Exercise prompt –
From the listing below, output the lines between the one with "Female Birth Registration: Year: 1923" and the one with "Kattee Women's Vintage", including those two, and nothing else. Pictures are not copied.

Given data –
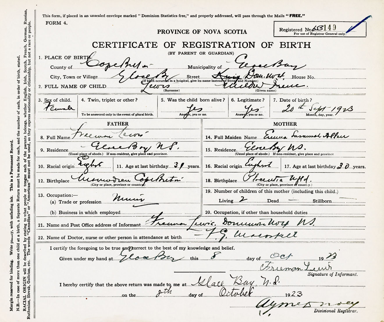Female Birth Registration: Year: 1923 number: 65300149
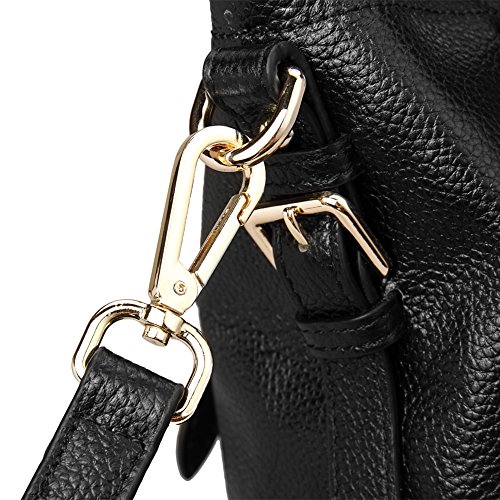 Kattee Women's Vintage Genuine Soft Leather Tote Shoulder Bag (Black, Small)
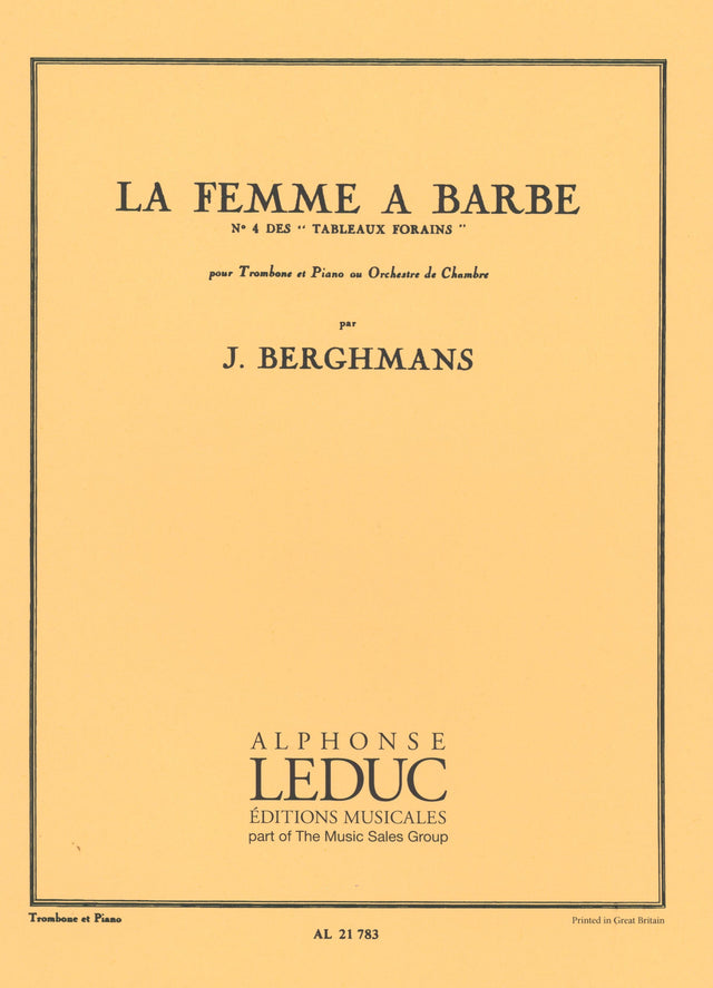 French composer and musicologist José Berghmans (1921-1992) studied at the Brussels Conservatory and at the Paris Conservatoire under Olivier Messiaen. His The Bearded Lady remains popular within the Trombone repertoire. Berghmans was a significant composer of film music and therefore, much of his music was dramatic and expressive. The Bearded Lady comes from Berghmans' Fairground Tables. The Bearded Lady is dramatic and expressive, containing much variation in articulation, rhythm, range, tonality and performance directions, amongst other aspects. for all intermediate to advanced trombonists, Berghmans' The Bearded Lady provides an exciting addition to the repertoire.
---
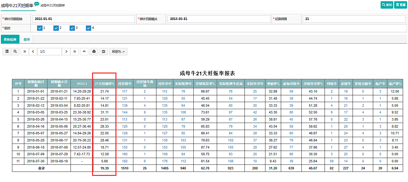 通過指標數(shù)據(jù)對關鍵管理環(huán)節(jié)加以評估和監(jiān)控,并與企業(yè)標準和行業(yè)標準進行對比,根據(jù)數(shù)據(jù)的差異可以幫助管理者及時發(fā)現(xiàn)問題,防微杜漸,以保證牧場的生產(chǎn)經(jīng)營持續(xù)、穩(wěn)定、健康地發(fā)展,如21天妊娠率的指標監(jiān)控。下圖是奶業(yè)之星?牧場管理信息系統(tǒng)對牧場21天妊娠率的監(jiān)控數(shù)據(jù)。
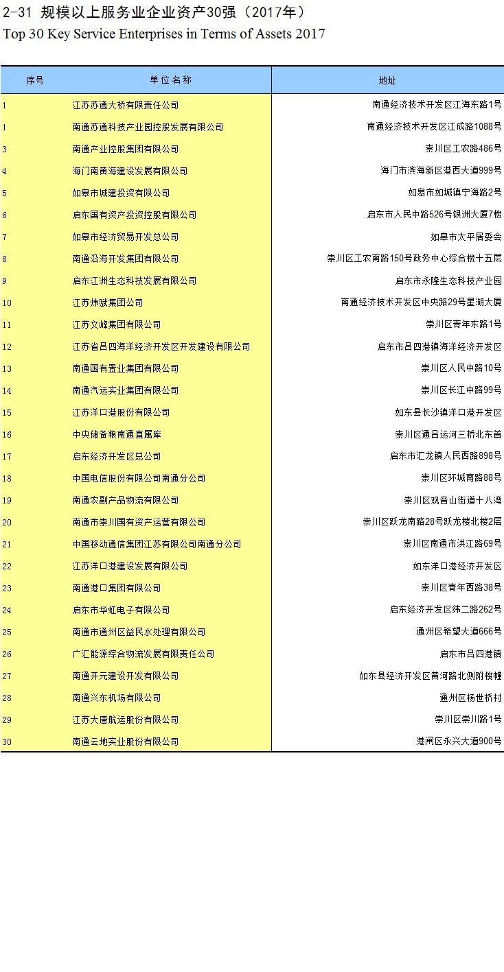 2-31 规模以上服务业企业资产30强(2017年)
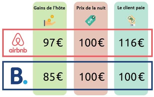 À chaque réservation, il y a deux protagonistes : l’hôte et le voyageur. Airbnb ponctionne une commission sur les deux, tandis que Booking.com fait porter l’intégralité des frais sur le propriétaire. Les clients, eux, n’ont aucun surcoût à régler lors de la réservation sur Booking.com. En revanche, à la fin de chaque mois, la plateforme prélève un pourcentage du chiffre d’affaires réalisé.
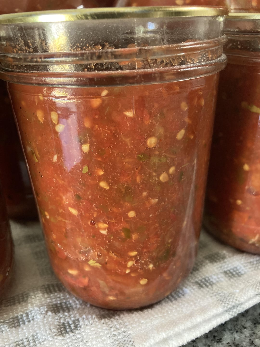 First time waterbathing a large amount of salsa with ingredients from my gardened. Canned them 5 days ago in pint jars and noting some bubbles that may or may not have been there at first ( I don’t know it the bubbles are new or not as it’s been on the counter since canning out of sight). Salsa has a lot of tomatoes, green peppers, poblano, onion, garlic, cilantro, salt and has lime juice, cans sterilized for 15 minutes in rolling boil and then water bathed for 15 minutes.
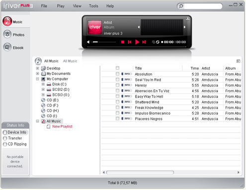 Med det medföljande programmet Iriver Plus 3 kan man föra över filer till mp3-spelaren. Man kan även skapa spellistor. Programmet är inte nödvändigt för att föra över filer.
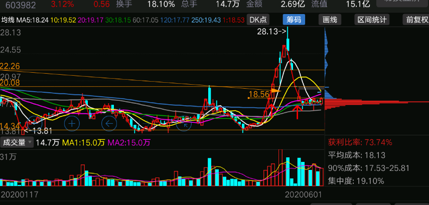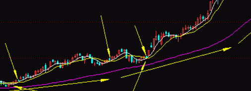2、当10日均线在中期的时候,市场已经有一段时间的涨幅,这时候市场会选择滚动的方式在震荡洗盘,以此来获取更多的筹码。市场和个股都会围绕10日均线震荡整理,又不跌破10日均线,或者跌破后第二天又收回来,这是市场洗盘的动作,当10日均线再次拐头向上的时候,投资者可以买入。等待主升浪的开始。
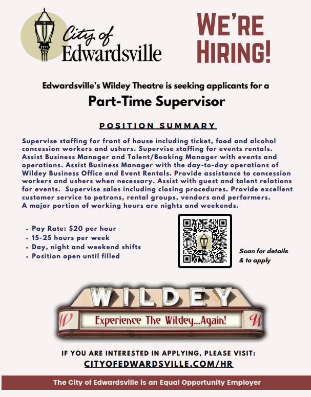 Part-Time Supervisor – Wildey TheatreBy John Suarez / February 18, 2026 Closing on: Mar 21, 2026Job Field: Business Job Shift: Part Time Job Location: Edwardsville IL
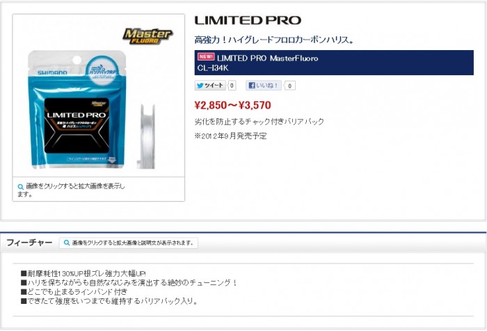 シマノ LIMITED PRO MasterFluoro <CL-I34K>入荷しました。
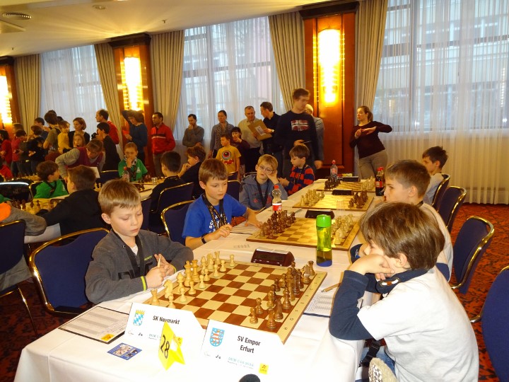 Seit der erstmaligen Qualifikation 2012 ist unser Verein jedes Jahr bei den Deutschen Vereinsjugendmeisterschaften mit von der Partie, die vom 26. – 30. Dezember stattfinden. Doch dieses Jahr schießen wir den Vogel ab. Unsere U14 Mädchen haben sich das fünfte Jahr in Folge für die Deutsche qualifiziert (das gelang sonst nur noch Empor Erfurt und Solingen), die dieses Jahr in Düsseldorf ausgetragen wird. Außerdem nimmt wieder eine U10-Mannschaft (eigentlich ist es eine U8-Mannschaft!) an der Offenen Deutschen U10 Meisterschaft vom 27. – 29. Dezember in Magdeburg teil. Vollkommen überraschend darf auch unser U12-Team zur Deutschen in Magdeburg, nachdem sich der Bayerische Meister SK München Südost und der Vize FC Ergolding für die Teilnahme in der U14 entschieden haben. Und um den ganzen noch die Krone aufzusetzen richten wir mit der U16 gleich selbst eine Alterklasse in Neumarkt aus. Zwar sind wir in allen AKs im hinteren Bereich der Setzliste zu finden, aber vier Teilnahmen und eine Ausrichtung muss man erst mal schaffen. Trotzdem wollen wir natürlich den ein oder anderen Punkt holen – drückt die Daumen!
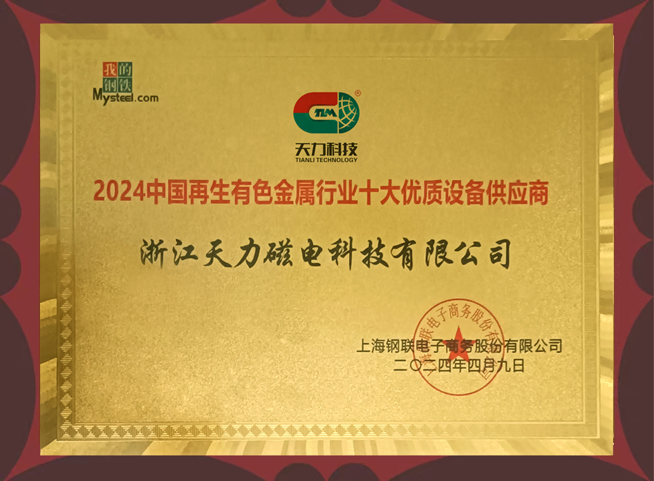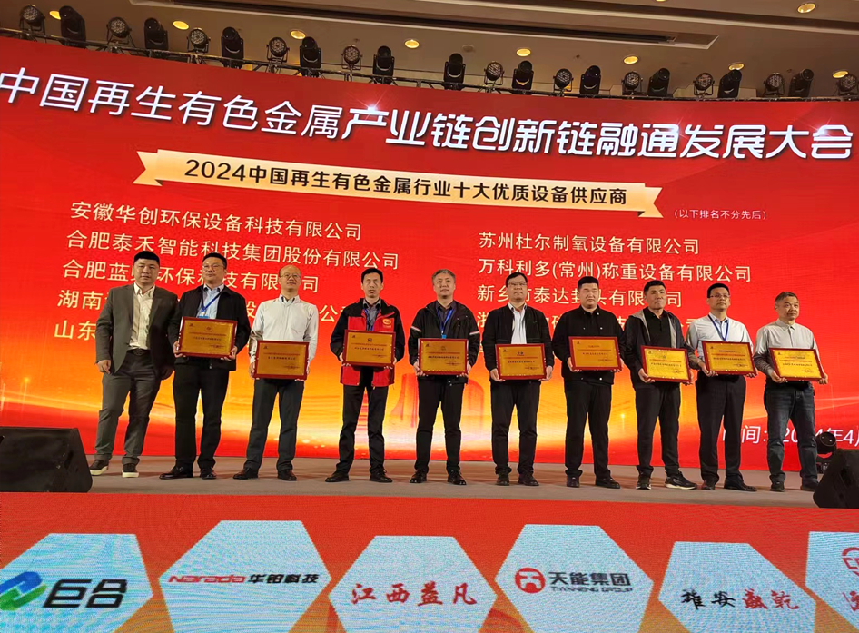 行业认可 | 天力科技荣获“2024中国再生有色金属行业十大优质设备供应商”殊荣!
...
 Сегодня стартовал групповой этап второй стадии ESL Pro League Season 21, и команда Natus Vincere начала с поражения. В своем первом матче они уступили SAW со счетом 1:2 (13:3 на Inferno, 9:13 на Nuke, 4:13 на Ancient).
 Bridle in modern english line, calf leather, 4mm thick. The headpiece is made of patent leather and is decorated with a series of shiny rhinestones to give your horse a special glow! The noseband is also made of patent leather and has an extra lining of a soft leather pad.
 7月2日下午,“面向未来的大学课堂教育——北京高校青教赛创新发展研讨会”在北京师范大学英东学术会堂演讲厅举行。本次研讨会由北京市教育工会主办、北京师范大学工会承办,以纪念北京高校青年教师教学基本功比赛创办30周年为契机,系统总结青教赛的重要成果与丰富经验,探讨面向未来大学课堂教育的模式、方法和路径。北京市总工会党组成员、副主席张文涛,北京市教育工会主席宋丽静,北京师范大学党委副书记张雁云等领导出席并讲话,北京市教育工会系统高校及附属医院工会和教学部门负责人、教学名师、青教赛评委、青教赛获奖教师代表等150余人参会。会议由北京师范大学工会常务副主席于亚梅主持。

Written solution –
Female Birth Registration: Year: 1923 number: 65300149
 Kattee Women's Vintage Genuine Soft Leather Tote Shoulder Bag (Black, Small)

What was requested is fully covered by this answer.